### TASK DESCRIPTION
Word for word, retype the lines from the one containing "حذرت الهيئة العامة" to the one containing "Ein Doppelpack brachte" below, keeping both end lines and dropping the pictures.

---------- DATA FOR PROCESSING ----------

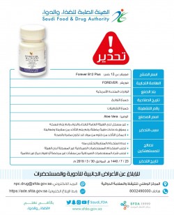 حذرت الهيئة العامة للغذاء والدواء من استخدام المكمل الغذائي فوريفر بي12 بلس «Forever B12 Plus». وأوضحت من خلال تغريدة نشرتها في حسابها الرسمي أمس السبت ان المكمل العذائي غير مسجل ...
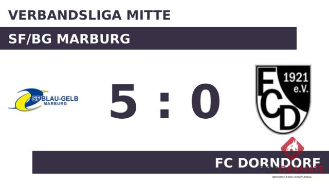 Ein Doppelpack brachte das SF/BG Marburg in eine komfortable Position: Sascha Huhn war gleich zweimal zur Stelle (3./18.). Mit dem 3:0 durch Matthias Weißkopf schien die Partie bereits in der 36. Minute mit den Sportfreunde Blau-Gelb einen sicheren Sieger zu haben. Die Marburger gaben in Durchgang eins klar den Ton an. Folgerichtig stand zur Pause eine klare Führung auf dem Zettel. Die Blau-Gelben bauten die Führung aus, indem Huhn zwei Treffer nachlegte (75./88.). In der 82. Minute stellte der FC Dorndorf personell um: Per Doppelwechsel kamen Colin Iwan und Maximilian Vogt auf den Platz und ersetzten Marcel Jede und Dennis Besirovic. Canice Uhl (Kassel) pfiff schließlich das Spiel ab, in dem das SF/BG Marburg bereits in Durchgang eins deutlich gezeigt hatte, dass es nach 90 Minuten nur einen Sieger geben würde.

----------
---------- DATA FOR PROCESSING ----------

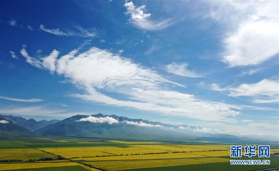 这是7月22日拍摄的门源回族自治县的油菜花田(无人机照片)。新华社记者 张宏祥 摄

----------
---------- DATA FOR PROCESSING ----------

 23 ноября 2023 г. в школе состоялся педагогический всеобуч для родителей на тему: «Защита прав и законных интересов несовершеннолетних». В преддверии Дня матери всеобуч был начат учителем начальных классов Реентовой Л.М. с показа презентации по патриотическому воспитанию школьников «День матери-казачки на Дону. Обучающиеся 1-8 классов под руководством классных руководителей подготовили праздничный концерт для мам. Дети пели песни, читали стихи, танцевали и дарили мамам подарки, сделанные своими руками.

----------

### ANSWER BOX
 حذرت الهيئة العامة للغذاء والدواء من استخدام المكمل الغذائي فوريفر بي12 بلس «Forever B12 Plus». وأوضحت من خلال تغريدة نشرتها في حسابها الرسمي أمس السبت ان المكمل العذائي غير مسجل ...
 Ein Doppelpack brachte das SF/BG Marburg in eine komfortable Position: Sascha Huhn war gleich zweimal zur Stelle (3./18.). Mit dem 3:0 durch Matthias Weißkopf schien die Partie bereits in der 36. Minute mit den Sportfreunde Blau-Gelb einen sicheren Sieger zu haben. Die Marburger gaben in Durchgang eins klar den Ton an. Folgerichtig stand zur Pause eine klare Führung auf dem Zettel. Die Blau-Gelben bauten die Führung aus, indem Huhn zwei Treffer nachlegte (75./88.). In der 82. Minute stellte der FC Dorndorf personell um: Per Doppelwechsel kamen Colin Iwan und Maximilian Vogt auf den Platz und ersetzten Marcel Jede und Dennis Besirovic. Canice Uhl (Kassel) pfiff schließlich das Spiel ab, in dem das SF/BG Marburg bereits in Durchgang eins deutlich gezeigt hatte, dass es nach 90 Minuten nur einen Sieger geben würde.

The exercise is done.